While all this is happening, the atmosphere in the Crawford home is becoming increasingly tense and mysterious. Lowen feels she is constantly being observed and begins noticing inconsistencies whenever Verity is left alone. Doors are inexplicably locked and unlocked, household objects disappear, and devices mysteriously turn off or are set to mute. Lowen is sensitive to small coincidences and to the privacy that locked doors promise because she has a history of dangerous sleepwalking. She suspects that Verity can move around and isn’t actually comatose at all. This is later reinforced by Crew, who accidentally mentions things his mother has recently said to him. Despite all this, Lowen's feelings for Jeremy deepen, and they begin a romantic, sexual relationship. This all contributes to the novel’s climax, where Lowen reveals the autobiography to Jeremy. Jeremy doesn’t want to believe Lowen when she tells him Verity is not immobilized, but he eventually relents and agrees to read So Be It. After Lowen gives him the autobiography, she waits in agony for him to finish it. She hears him cry out in pain and storm upstairs to confront his wife. 

Verity pretends to have no reaction when Jeremy speaks to her and only responds when he threatens to hand her manuscript over to the police. She drops the mask of being unconscious and reveals she’s been aware of everything that’s happening in the Crawford house.

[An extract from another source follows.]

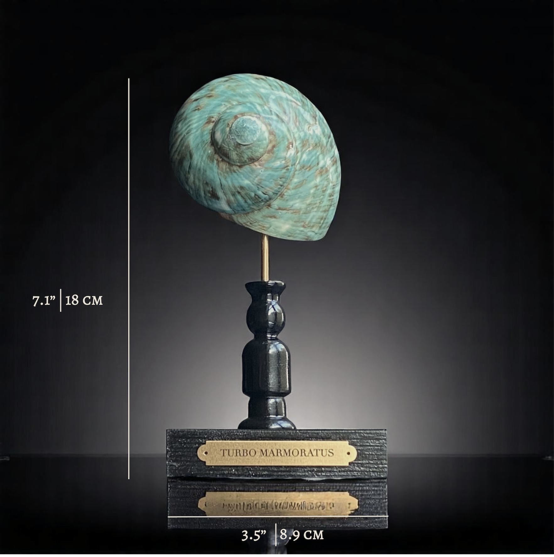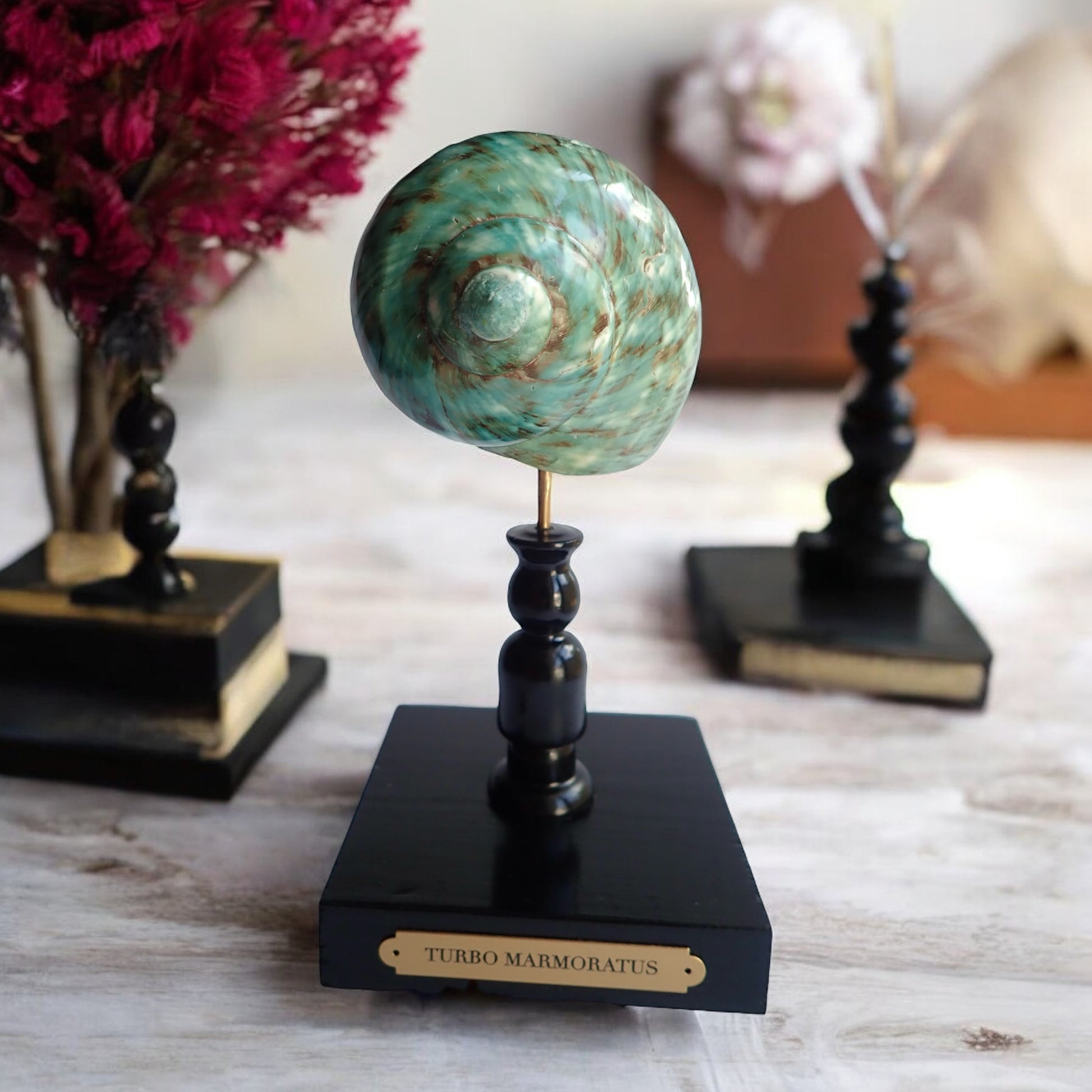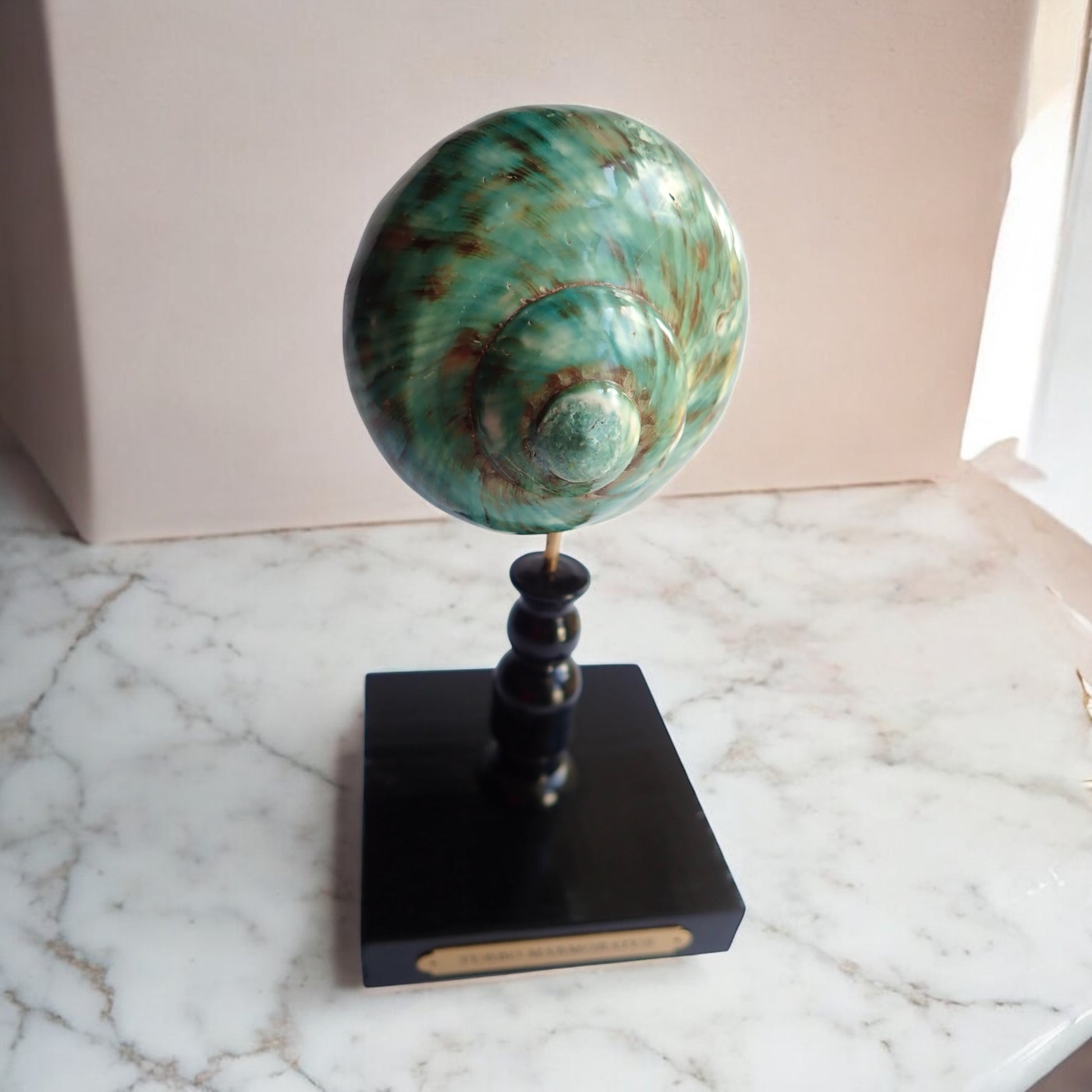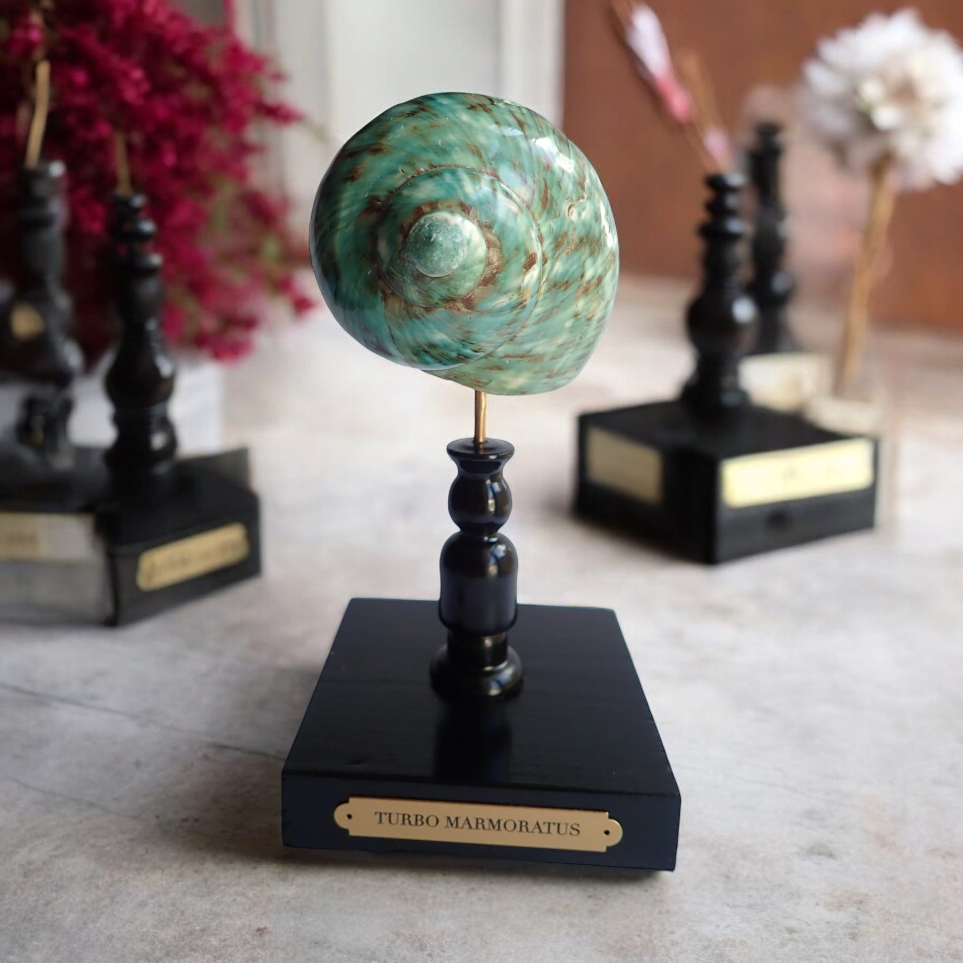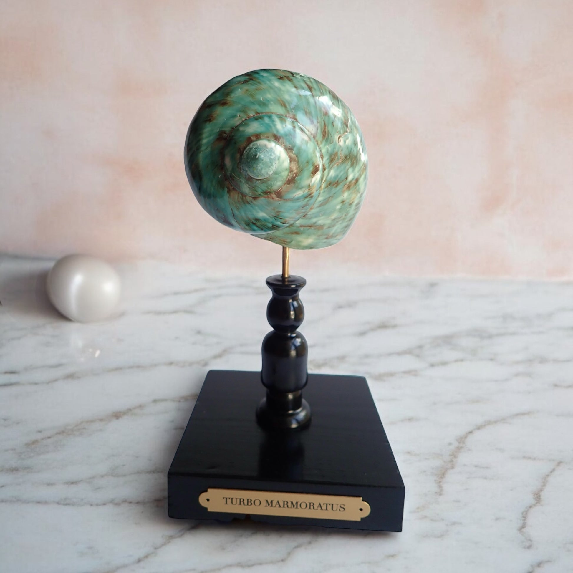The Green Turban's impressive size, intricate marbling, and iridescent interior make it a coveted specimen for collectors and decorators. When mounted on a glossy black stand with a brass plaque, it serves as an elegant centerpiece, showcasing the natural beauty of marine life.

She’s been pretending to be comatose while manipulating the situation to test Jeremy's loyalty to her, and to try and escape with their son Crew and the funds from Lowen’s new books. Jeremy, furious, tries to strangle her for killing Harper. Lowen stops him, telling him that if he kills her that way, Crew will lose his father. She suggests instead that if Jeremy forces her to vomit, they can make the murder look like inhalation pneumonia and avoid a criminal investigation. Jeremy does so, and Verity dies gruesomely, choking on her own vomit. 

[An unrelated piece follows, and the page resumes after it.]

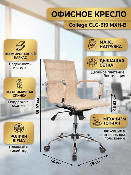 Полимерная сетка двойного плетения обеспечат прекрасный внешний вид кресла при самых интенсивных условиях его эксплуатации. А высокая, с изгибом, спинка, регулятор высоты, регулируемый под вес механизм качания и фиксатор вертикального положения гарантируют все удобства настройки и эксплуатации кресла College CLG-619 MXH-B при любом настроении своего владельца.

At the end of the novel, Jeremy, Crew, and a pregnant Lowen are in the process of moving out of the Vermont house to start a new life in North Carolina. However, Lowen finds a letter addressed to Jeremy hidden under the floorboards in her room. In this letter, Verity makes shocking revelations. She reveals that she’d written the autobiography first as writing practice and then as a therapeutic exercise, casting herself as the “antagonistic narrator” as she did in her novels. The letter says that she had planned to escape with Crew and explains that Harper’s death was actually an accident. She says she still loves Jeremy and regrets what happened but must prioritize Crew’s safety. Lowen panics and destroys the manuscript, deciding never to burden Jeremy with the knowledge of it.  

However, she’s still unsure whether the letter or the autobiography reflects the absolute truth. The novel ends with Lowen questioning the extent to which any of the people involved in the Crawfords’ family tragedies understood the whole of the matter and acknowledging the ingenious manipulations Verity was able to orchestrate.